Sodomy Law: Pennsylvania, 1693

Death for "buggery"?

While William Penn, temporarily in disfavor with William and Mary, was suspended from power for two years, the Royal governor appointed to replace him repealed most prior legislation, including the non-capital Pennsylvania sodomy law of 1682.(1)

No new sodomy law was passed during the Royal governor's less-than-two-year reign, and the English buggery law was perhaps considered in force. When William Penn returned to Royal favor, the governor he appointed ruled according to the non-capital sodomy statute of 1682.

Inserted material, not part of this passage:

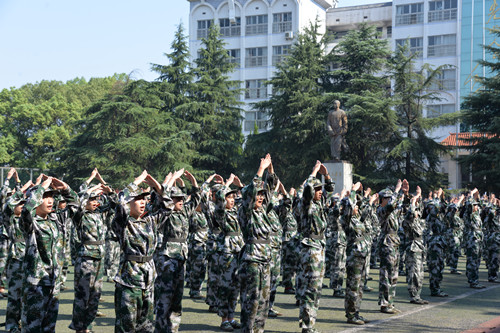 军训成果展示赢得了阵阵掌声和喝彩。在城南书院校区,中招新生以励志手语操《国家》表达了对祖国母亲的深厚情感。“有国才有家,我爱我国家......”,他们的声音响彻会场。在东方红校区,创新方阵的展演中,新生战士们迅速变化队形,拼出了一幅美丽的中国地图和喜庆的“中国70”的字样,他们挥舞着小红旗,合唱《我和我的祖国》,歌声缓缓传扬,以此致敬新中国70周年华诞,祝愿伟大的祖国母亲繁荣昌盛、生日快乐。校园文化方阵先以倒计时、校史校训校风的队形,展现了一师“千年学府,百年师范”的悠久历史,随后大风大浪的动态展示和帆船变换的造型,表达了新生在初入大学时的迷茫困惑,拨开迷茫战胜困难的决心和勇气,以及对进入一师的欣喜之情。在最后的拳术方阵展示中,新生战士们一条口号一招拳术,身形变化中体现了少年风骨,声声呐喊里张扬着青春活力。

The next revision of Pennsylvania sodomy law was in 1700.

 

References

  1. Jonathan Ned Katz, Gay/Lesbian Almanac (NY: Harper & Row, 1983), p. 121, citing Straughton, pp. 539-58; James T. Mitchell and Henry Flanders, eds., The Statutes at Large of Pennsylvania from 1682 to 1801 (Harrisburg: Clarence M. Busch, 1896), vol. 2, pp. 8, 79, 183-84; vol. 3, p. 202: Gail McKnight Beekman, ed., The Statutes at Large of Pennsylvania in the Time of William Penn (New York: 1976), vol. I, pp. 9, 176.